Я наслаждался и тем меланхолическим чувством, в которое была окрашена вечеринка. Я сидел в зале ожидания истории; один состав маневровый локомотив только что переставил на запасной путь, а другой поезд вот-вот придет и после короткой стоянки отправится дальше. Не все, кто сойдет с первого поезда, найдут для себя свободное место в новом составе; кое-кто останется в зале ожидания и станет свидетелем того, как закрывается буфет, как выключают отопление и электричество. Но пока по рельсам еще стучат колеса старого состава и новый поезд не подошел к перрону, у буфета толпятся люди, а в зале тепло и светло.
7
В самолете никогда не было свободных мест. Я часто летал первым утренним и последним вечерним рейсом, и меня окружали усталые, измученные, раздраженные пассажиры. На одном рейсе мой сосед решил поставить свой багаж прямо мне под ноги, потому что на багажной полке не хватило места. На другом рейсе пассажир стал возражать против того, чтобы стюардесса отдала мне последнюю бутылочку вина; он требовал, чтобы она разделила вино на нас двоих. Еще один сосед долго объяснял мне, что пассажир, занимающий место в ряду из четырех кресел, имеет право на одну целую и одну четвертую часть подлокотника, а тот, кто сидит в ряду из трех кресел, — на одну целую и три десятых, и стал показывать мне, как надо правильно пользоваться этим своим правом. На этих рейсах летали в основном мужчины.

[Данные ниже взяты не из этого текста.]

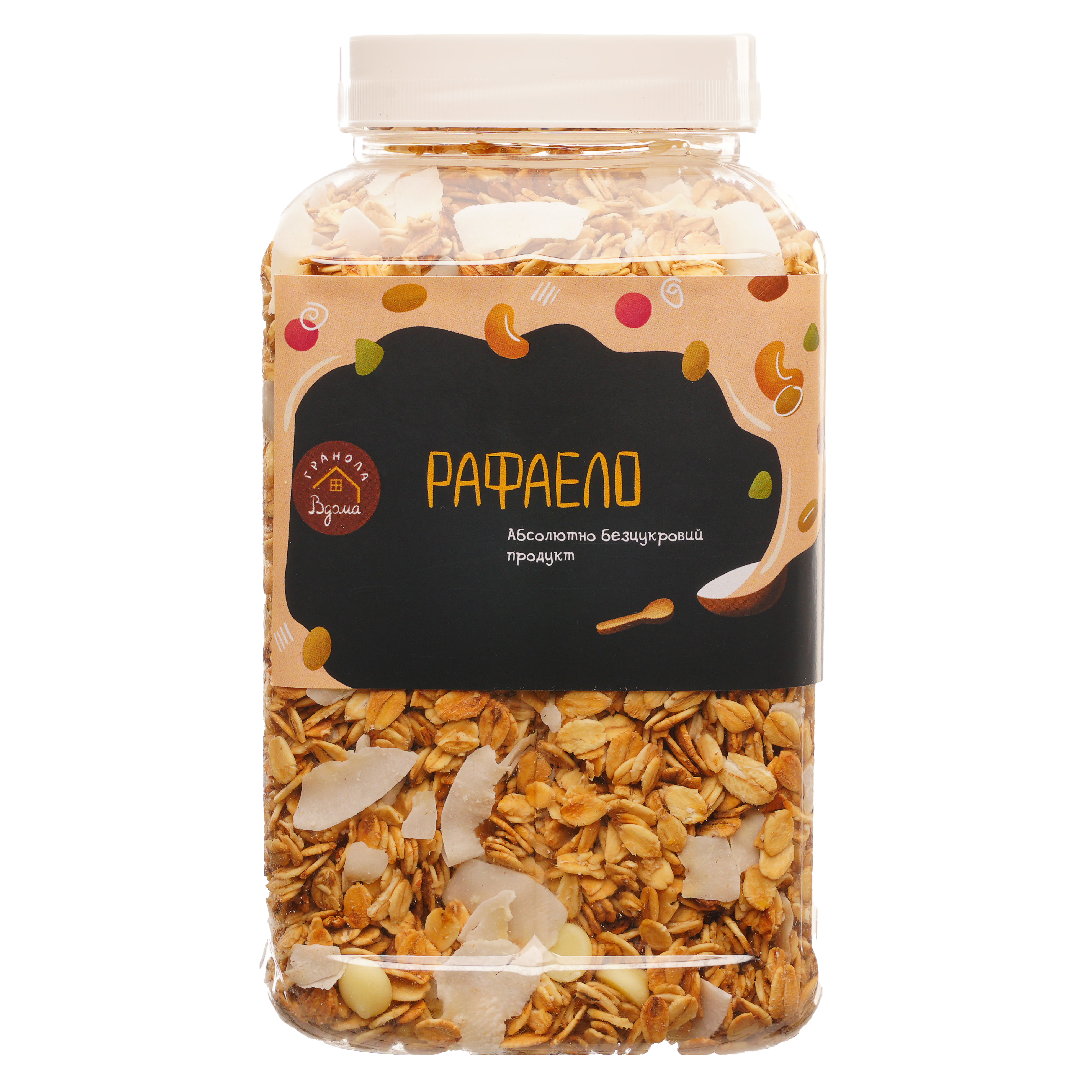 Хрумкі вівсяні пластівці, обсмажені з натуральним медом, поєднуються з кокосами мигдалем і кеш’ю. Додаємо трохи білого шоколаду — для того самого “рафаелівського” відчуття ніжності.

В один из моих последних полетов из Берлина во Франкфурт я увидел Барбару. Она вошла в самолет после того, как все уже заняли свои места, открыла и закрыла уже полную багажную полку, передала свой багаж стюардессе и уселась в кресло через десять рядов от меня. И у нее, и у меня места были в проходе, и я видел ее руку, выступающую из-за кресла, а когда она меняла позу, то видел краешек головы, плечо и спину.
Я не смотрел в ее сторону. Я открыл книгу, роман, который купил, поскольку теперь мне не приходилось любой свободный час тратить на подготовку лекций. Я стал читать, самолет тем временем тронулся с места, затем разогнался по взлетной полосе и поднялся в воздух. Однако прочитанное я совершенно не воспринимал, и мне пришлось по нескольку раз перечитывать одно и то же.